Littlewood's First Principle states that:
If $E$ is a Lebesgue measurable set with $m(E)<\infty$, then for all $\epsilon>0$ there exists a finite collection of open intervals $\{I_1,I_2,\ldots,I_N\}$ such that $m(E \Delta \bigcup_{n=1}^N I_n)<\epsilon$.
My question is:
Can we take the intervals $I_n$ to be pairwise disjoint?
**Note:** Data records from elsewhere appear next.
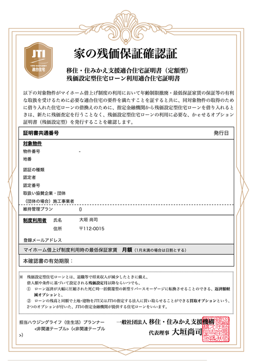 - 残価設定型住宅ローンの借入れや「家の残価保証確認証」の発行が可能かどうかは、この証明書で確認できます。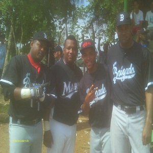 De izquierda a derecha: de la Primera Brigada, Henry Fr’ias (Equis) segundo, Luis Manuel Pascal (Cacón) tercero y Rafael Roque,cuarto, líderes en jonrón en el encuentro.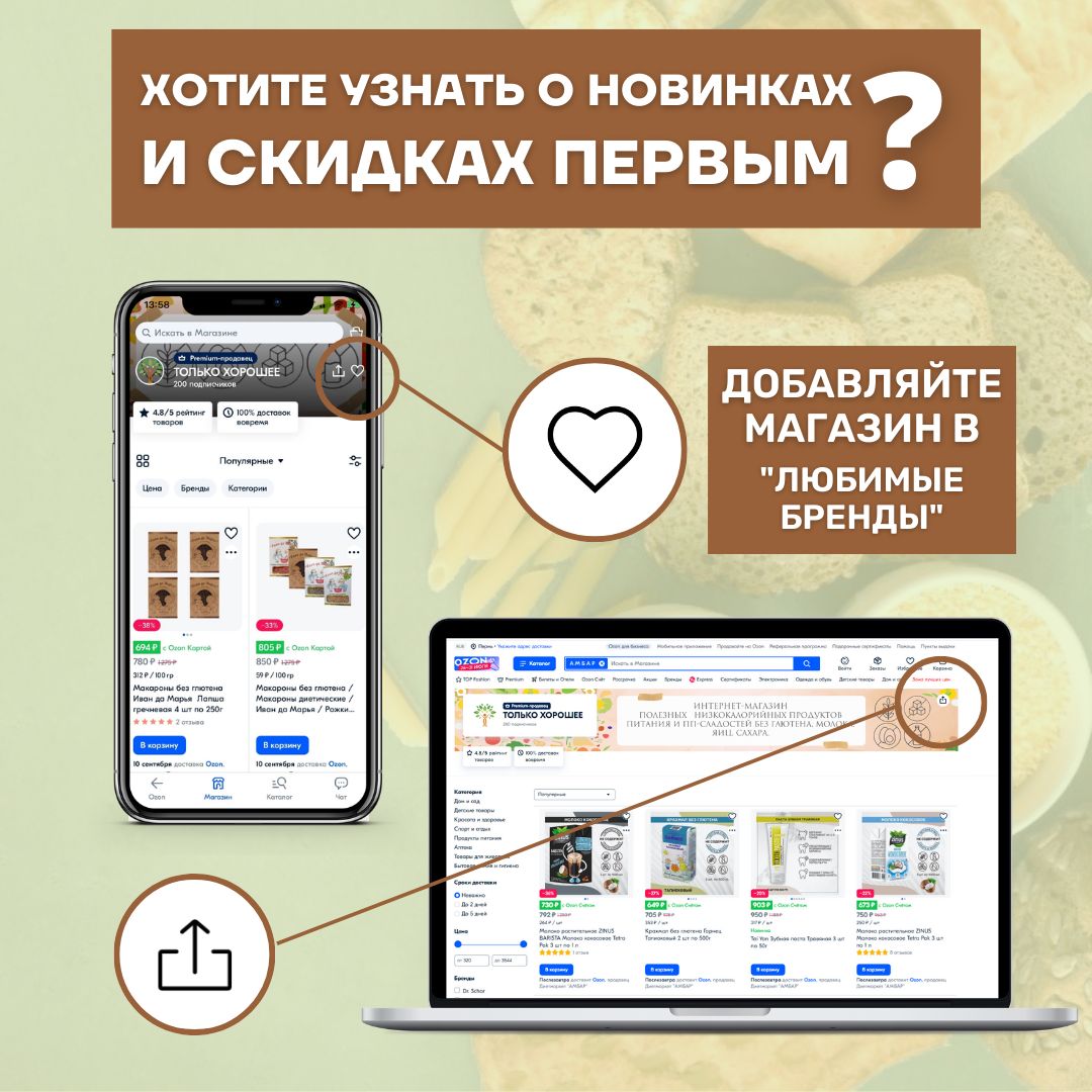 Особенности напитков, продуктов питания: Вегетарианский продукт, Гипоаллергенный продукт, Диетический продукт, Натуральный продукт, Постный продукт

And in that case, what do we need to change in the proof?
If $\epsilon>0$ ,there exists a covering with open intervals $\{I_n\}_{n \in \Bbb{N}}$ of $E$ such that $m(E) \leq m( \bigcup_nI_n)\leq \sum_{n=1}^{\infty}m(I_n)< m(E)+\epsilon$
The set $ \bigcup_nI_n$ is open so it can be written as a disjoint union of open intervals.
So $\bigcup_nI_n=\bigcup_nJ_n$ where $J_n$ are disjoint open intervals.
So we have that $$m(E)+ \epsilon > m(\bigcup_nI_n)=m(\bigcup_nJ_n)=\sum_nm(J_n)$$
Note that $\{J_n\}_{n \in \Bbb{N}}$ also is a covering of $E$.
Then you can proceed as in the rest of the proof.